現在までに、192カ国がパリ協定を批准し、その実施にコミットしている。COP26会議において、パリ協定の目的がどのように達成されるかについてさらなる決定がなされ、各国は、グラスゴー気候合意*17、特に、排出削減対策の講じられていない石炭火力発電の逓減(フェーズダウン)と非効率な化石燃料補助金のフェーズアウトの要求が含まれ、気候変動に対する強靭性を構築するために先進国から発展途上国まで年間1,000億ドルを提供するという誓約を再確認した。

 

*16 環境省のウェブサイトを参照いただきたい。(http://www.env.go.jp/earth/ondanka/cop/shiryo.html#03
*17 環境省のウェブサイトを参照いただきたい。(http://www.env.go.jp/earth/26cop2616cmp16cma10311112.html

「In Brief : IFRS基準と気候関連の開示」及び教育的資料で強調されている現在のIFRSの要求事項は何か、実務においてこれらがどのように適用されるのか?
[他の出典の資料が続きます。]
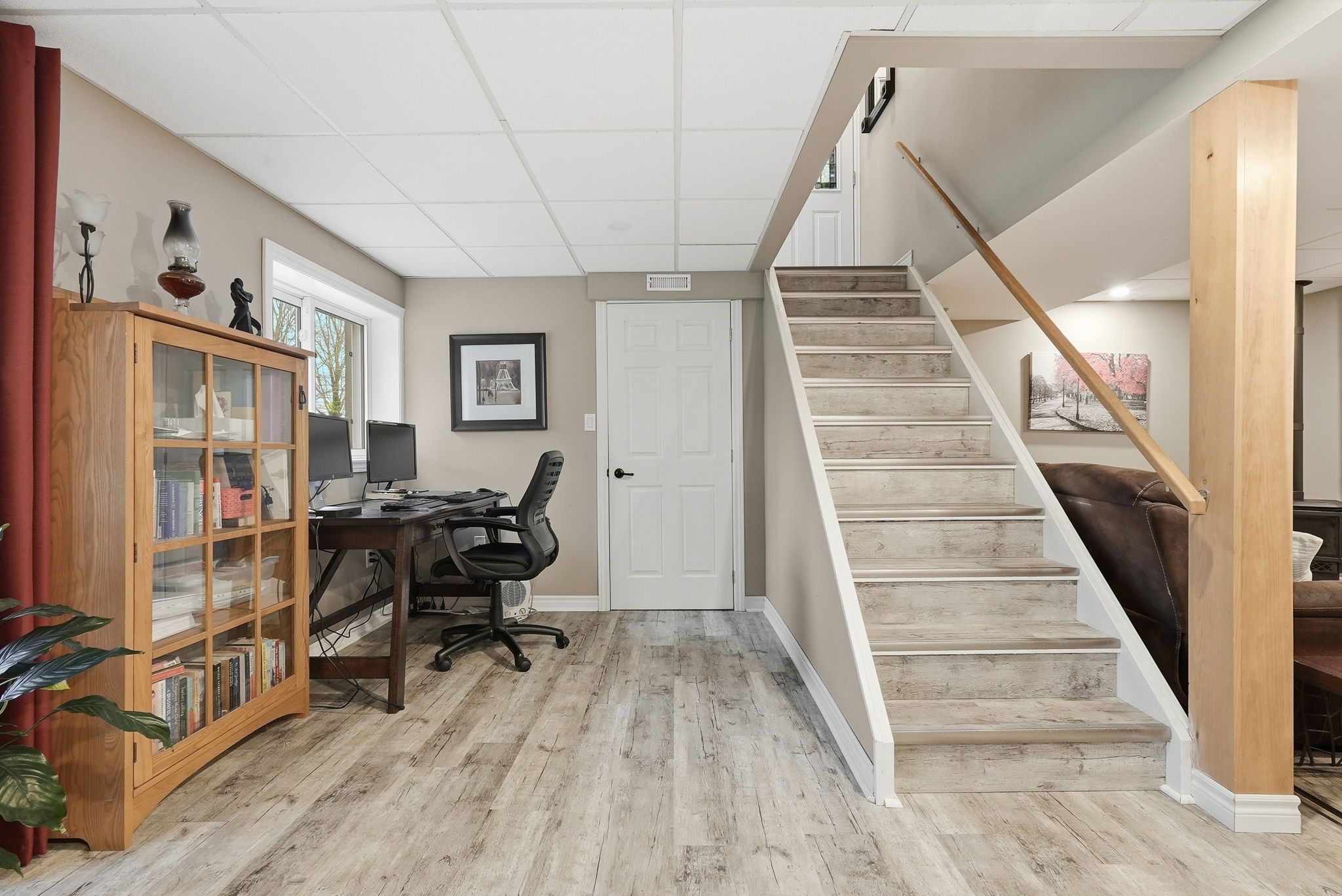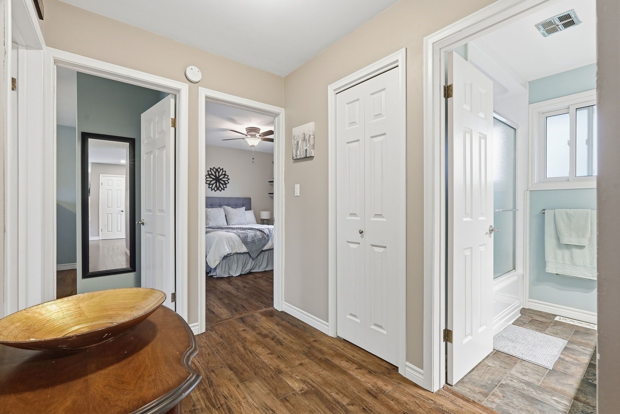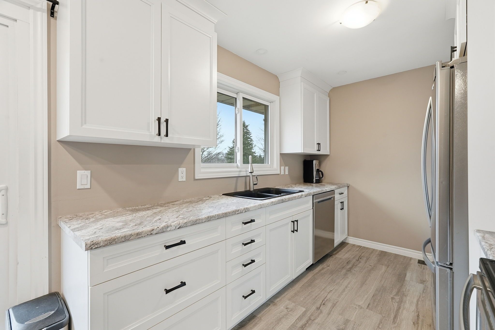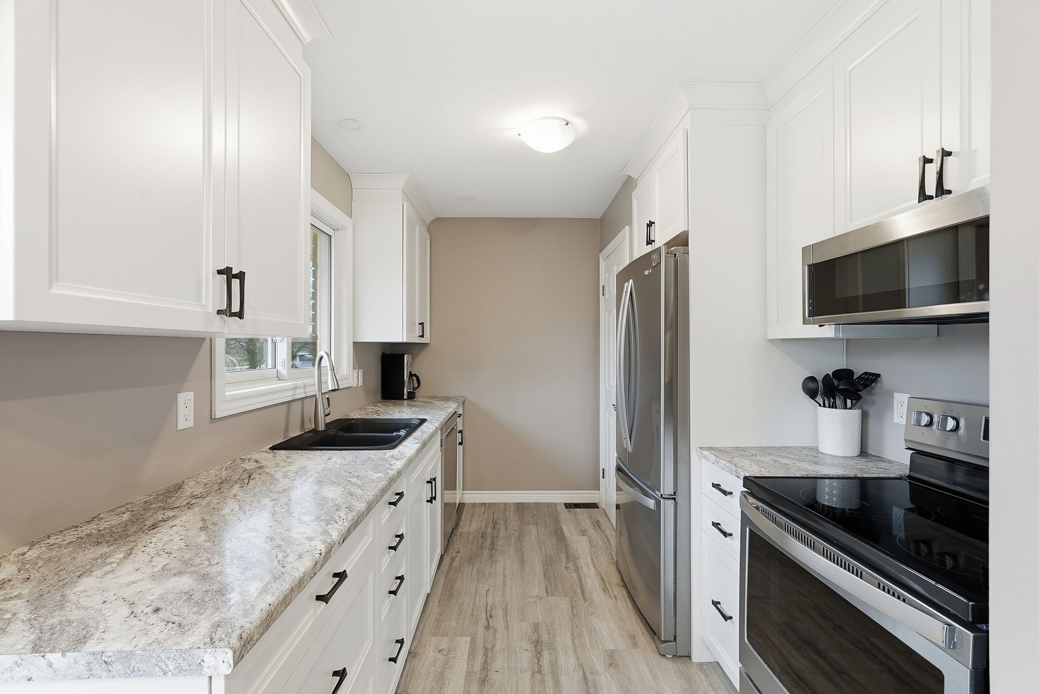 Nestled on a quiet street in a sought-after neighborhood, this beautifully maintained red brick bungalow offers the perfect blend of comfort, style, and convenience. Ideally located you'll enjoy easy access to nearby schools, grocery stores, and banking - everything you need just minutes away. This charming home features 3 bedrooms on the main floor, along with an updated 4-piece bathroom. The heart of the home is the bright and inviting eat in kitchen, complete with a pantry and brand-new cabinetry installed in 2021, along with a comfortable and inviting living room. The fully finished walk-out basement provides excellent additional living space, including a family room with a gas stove, perfect for relaxing or entertaining. You'll also find a fourth bedroom, a 3-piece bathroom, a laundry area, and a utility room. Step outside to enjoy your private backyard oasis, featuring a deck built in 2021, a decorative pond, and beautifully landscaped grounds - perfect for outdoor gatherings or peaceful evenings. Completing this impressive property is an attached single garage with a convenient 10' x 16' storage area underneath, offering plenty of space for tools, seasonal items, or hobby equipment. A true gem with exceptional features throughout - this home is move-in ready and ready to impress!

「In Brief : IFRS基準と気候関連の開示」は、Nick Anderson IASB理事(投資家としての経歴を有する)が執筆し、その前のオーストラリア会計基準審議会(AASB)及び監査保証審議会(AUASB)による公表物*18に基づいている。教育的資料は、このトピックに関するさらなる情報に対する利害関係者の要求に対応して開発された。どちらの出版物も、財務報告の次の特定の分野について議論している。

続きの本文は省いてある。